As another example, let’s say we still have two nodes but the replication factor is increased to 2. This means that our cluster will keep 2 copies of the data distributed evenly among the nodes. Each node has 100% of the data, so 1 node may go down and our archive can still access the complete set of data. The main takeaway from this example is that increasing the replication factor has increased the number of nodes we can tolerate as down.
As a final example, let’s say we keep the replication_factor fixed at 2 but increase to 10 nodes. How many nodes can go down without affecting the cluster? The answer is still only 1. The reason is that adding more nodes further distributes the data amongst the host, with each having roughly 20% of the data (2 replicas divided by 10 hosts = 20% each) but does not increase the number of copies. Thus if we lose 2 nodes, we have no way guaranteeing they didn’t overlap in the data they contained. In general, you can only support (replication_factor - 1) hosts going down regardless the number of nodes. In other words, increasing the number of nodes increases data distribution, but does not increase fault tolerance unless there is a corresponding increase in the replication_factor.
Those are the basic ideas but there are lots more details published if you are interested. For more information on how Cassandra distributes data see the Datastax Cassandra Documentation.
Assuming you have read about clustering Cassandra, decided it is the best course and identified an initial set of nodes to use in your cluster, you are ready to start configuring your cluster. It is highly recommended you read the Datastax Cluster Initialization page for specifics on how build your cluster. We will go through a simple two node example in this document to give a general idea of the process, but for more information it is highly recommended you see the official documentation.
Now, Let’s assume we have a two node cluster we wish to initialize. Our nodes have IP addresses 10.0.1.35 and 10.0.1.36 respectively. The steps to configure these into a cluster are as follows:
Install cassandra on each node
See also
See the Datastax Firewall Documentation for more details.
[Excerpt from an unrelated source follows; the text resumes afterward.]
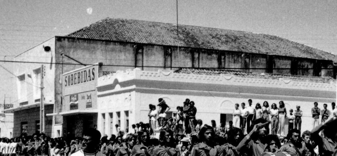único cinema em Areia Branca. O Cine Cel. Fausto, como cinema, é uma imagem difusa na minha mente. Não lembro de ter aí assistido filme. Lembro do prédio ainda inteiro, e com o passar dos anos acompanhei seu progressivo desmoronamento. No canto direito da foto à esquerda, um dos últimos registros do Cel. Fausto.

Next we need to name our cluster. In this example we will name it “Esmond Cluster”. On each node open /etc/cassandra/conf/cassandra.yaml (or /etc/cassandra/cassandra.yaml on Debian) and change cluster_name to this value:
cluster_name: 'Esmond Cluster'
Next we need to choose a seed node. This node is only used the first time a node comes up to bootstrap itself into the ring. If it goes down it will not affect the nodes that have already been bootstrapped, however you will not be able to add new nodes to a cluster. If you are frequently adding new nodes, you may want to specify multiple seed nodes to prevent this. For our simple two node cluster, one seed node will suffice so we’ll choose 10.0.1.35. We set this on both hosts in /etc/cassandra/conf/cassandra.yaml under the seed_provider property as shown below:
seed_provider:
- class_name: org.apache.cassandra.locator.SimpleSeedProvider
parameters:
- seeds: "10.0.1.35"
The final /etc/cassandra/conf/cassandra.yaml properties we must set is the _listen_address_ and _rpc_address_. The _listen_address_ tells cassandra the interface on which to listen for communication from other cassandra nodes. The _rpc_address_ tells it on which interface it can accept connections from esmond. In our example, each host only has one interface, so the first node will set both of these to 10.0.1.35 and the second node will set them to 10.0.1.36.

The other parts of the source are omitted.